## [Problem details]
Below are records with pictures in them. Transcribe everything from the line containing "Naisten Neuletakki Osta" down to the line containing "bit of chew.", exactly, and leave the pictures behind.

## [Given records]
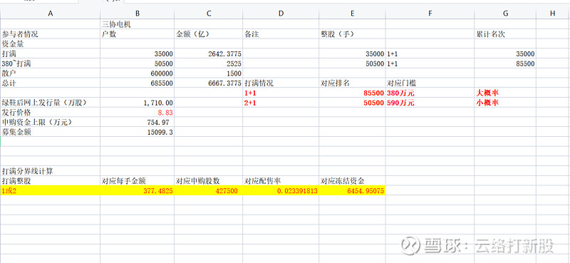 如果你的资金是750~560万元,只能一个账户申购,毕竟单一账户申购,无论如何都是2手,分户的话什么都没有了。如果可以的话,这一档其实最优解是600万元出头的样子。
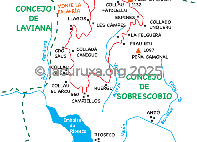 Iniciamos esta salida en la localidad de Campiellos (560 m), desde la plaza del pueblo vamos a la derecha, hacia la parte alta, conocida como el Pandiellu.
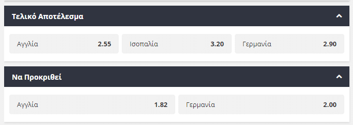 Το μεγάλο ντέρμπι της φάσης των «16» του Ευρωπαϊκού Πρωταθλήματος θα διεξαχθεί στο «Wembley» της Αγγλίας, με την ομώνυμη ομάδα να αντιμετωπίζει την Γερμανία, σε ένα ματς που όλα είναι πιθανά. Τα «λιοντάρια» δεν έχουν καταφέρει ποτέ μέχρι στιγμής να φτάσουν μέχρι την κατάκτηση του τροπαίου και με την δύναμη της έδρας ευελπιστούν να το καταφέρουν την φετινή σεζόν. Στον αντίποδα, η Γερμανία δεν εντυπωσίασε με τις εμφανίσεις της στον όμιλο της φωτιάς, αλλά παραμένει μία ποιοτική και επικίνδυνη ομάδα με μεγάλη εμπειρία και κρύο αίμα στις μεγάλες διοργανώσεις. Όπως αναμενόταν και από τους μπουκ, οι αποδόσεις είναι μοιρασμένες με την Αγγλία (1.82) να έχει ελαφρύ προβάδισμα πρόκρισης έναντι της Γερμανίας (2.00). Πιθανή και ισοπαλία στο συγκεκριμένο ζευγάρι που προσφέρεται στο 3.20.
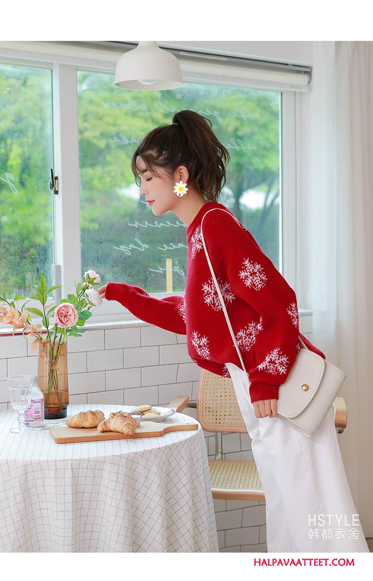 Naisten Neuletakki Osta Kukka Opiskelija Neulottu Paita Syksy Villapaita Punainen
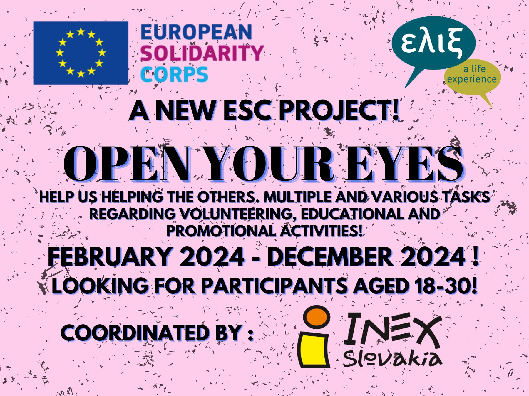 Μέσω της ΕΛΙΞ μπορείς τώρα να δηλώσεις συμμετοχή για ένα πολύ ενδιαφέρον πρόγραμμα του ESC με το όνομα "OPEN YOUR EYES", στην πανέμορφη Μπρατισλάβα, το οποίο διοργανώνει η τοπική οργάνωση INEX Slovakia! Η INEX προσκαλεί τους νέους εθελοντές στο να τη βοηθήσουν σε εκπαιδευτικές και άλλες δραστηριότητες, μέσα από την ταυτόχρονη εκμάθηση νέων δεξιοτήτων.
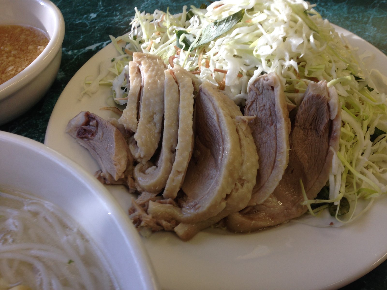 The "goi vit", basically the duck and "salad", a combination of greens, herbs, and shredded banana blossom proves a nice counter-point. The duck, sliced, nicely flavored with a bit of chew.
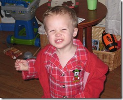Our youngest is also trying to prove that he does not have a speech delay. He’s constantly talking (although not necessarily intelligible) and his most recent favorite words are “NO!” and “Mc-Non-nos” (McDonalds). He now calls for mommy from his crib in the morning and after naps instead of crying. It would be impossible to list all the words he uses on a regular basis, but suffice it to say Nathan is my chatty one.

## [Result of this task]
 Naisten Neuletakki Osta Kukka Opiskelija Neulottu Paita Syksy Villapaita Punainen
 Μέσω της ΕΛΙΞ μπορείς τώρα να δηλώσεις συμμετοχή για ένα πολύ ενδιαφέρον πρόγραμμα του ESC με το όνομα "OPEN YOUR EYES", στην πανέμορφη Μπρατισλάβα, το οποίο διοργανώνει η τοπική οργάνωση INEX Slovakia! Η INEX προσκαλεί τους νέους εθελοντές στο να τη βοηθήσουν σε εκπαιδευτικές και άλλες δραστηριότητες, μέσα από την ταυτόχρονη εκμάθηση νέων δεξιοτήτων.
 The "goi vit", basically the duck and "salad", a combination of greens, herbs, and shredded banana blossom proves a nice counter-point. The duck, sliced, nicely flavored with a bit of chew.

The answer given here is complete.